A few points about the code:

1) Since my post on K-Means Clustering, I have gotten more comfortable with matrix operations in TensorFlow. You need to be comfortable with matrices if you want to work with TensorFlow (or any data flow infrastructure for that matter, even SciPy). You can code pretty much any logic or operational flow with TensorFlow, you just need to be able to build up complex functionality from basic components(ops), and structure the flow of data(tensors/variables) well.

2) It took quite a while for me to build the whole graph in such a way that the entire training functionality could be enclosed in a single op. This op is called during each iteration, for every vector, during training. Such an implementation is more in line with TensorFlow’s way of doing things, than my previous attempt with clustering.

3) I have used a 2-D grid for the SOM, you can use any geometry you wish. You would just have to modify the _neuron_locations method appropriately, and also the method that returns the centroid outputs. You could return a dict that maps neuron location to the corresponding cluster centroid.

4) To keep things simple, I haven’t provided for online training. You could do that by having bounds for the learning rate(s).

Sample Usage

I have used PyMVPA’s example of RGB colours to confirm that the code does work. PyMVPA provides functionality to train SOMs too (along with many other learning techniques).
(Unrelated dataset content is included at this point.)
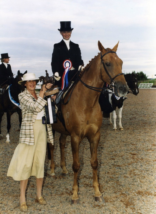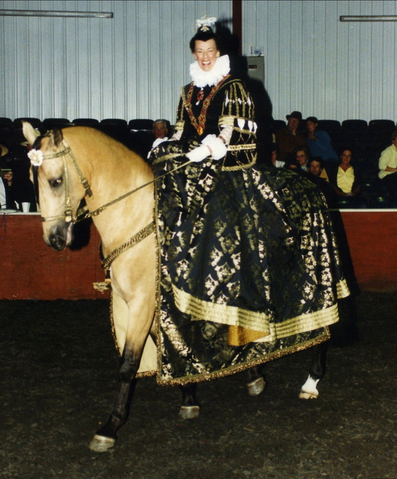 Donnerstag wurde alles zusammen gepackt, die Pferde gebadet, gezöpfelt, frisiert, rasiert, weiße Stellen nachgefärbt (gebleicht) und verladen. Am späteren Nachmittag setzte sich der Troß in Gang. Ich fuhr mit Roger in einem 27 Jahren alten Jeep, bei dem die Fensterscheiben etwas locker waren. So saß ich am Beifahrersitz und hielt eine Zeitlang diese Scheibe, bis Roger sie auf abenteuerlicheweise wieder montierte. Auf der Fahrt von mehr als 2 Stunden passierten wir einige Bodenschwellen. Roger fragte zwischendurch, ob der Wohnwagen eh noch hinten dran wäre. Abenteuer pur! Endlich angekommen war es sehr regnerisch und kalt. Rhonda und ich schauten, ob unser Wohnwagen dicht war. Er war es, im Gegensatz zu dem von Clarissa! Typisch englisches Wetter, aber trotzallem waren alle fröhlich, aufgeregt, die Pferde sauber, sogar die Schimmel glänzten weiß! Wie machen die das nur? Meine große Hoffnung erfüllte sich, als ich den Stand eines englischen Büchhändlers entdeckte! Ich konnte meine, schon relativ große Sammlung, um einige rare Exemplare erweitern! Am Turnier konnte ich die Bekanntschaft von Betty Skelton, einer 93 jährigen Dame, machen. Die Grande Dame des Damensattelreitens! Nicht nur daß sie einige Bücher über dieses Thema geschrieben hatte, zeigte sie mir auch, wie man korrekt im Damensattel sitzt. Ich verbrachte einen ganzen Vormittag bei ihr und lernte viel über Sitz, Reitstil und Korrigieren dieser Bereiche von ihr.

Here’s how you would do it with my code:

#For plotting the images
from matplotlib import pyplot as plt

#Training inputs for RGBcolors
colors = np.array(
     [[0., 0., 0.],
      [0., 0., 1.],
      [0., 0., 0.5],
      [0.125, 0.529, 1.0],
      [0.33, 0.4, 0.67],
      [0.6, 0.5, 1.0],
      [0., 1., 0.],
      [1., 0., 0.],
      [0., 1., 1.],
      [1., 0., 1.],
      [1., 1., 0.],
      [1., 1., 1.],
      [.33, .33, .33],
      [.5, .5, .5],
      [.66, .66, .66]])
color_names = \
    ['black', 'blue', 'darkblue', 'skyblue',
     'greyblue', 'lilac', 'green', 'red',
     'cyan', 'violet', 'yellow', 'white',
     'darkgrey', 'mediumgrey', 'lightgrey']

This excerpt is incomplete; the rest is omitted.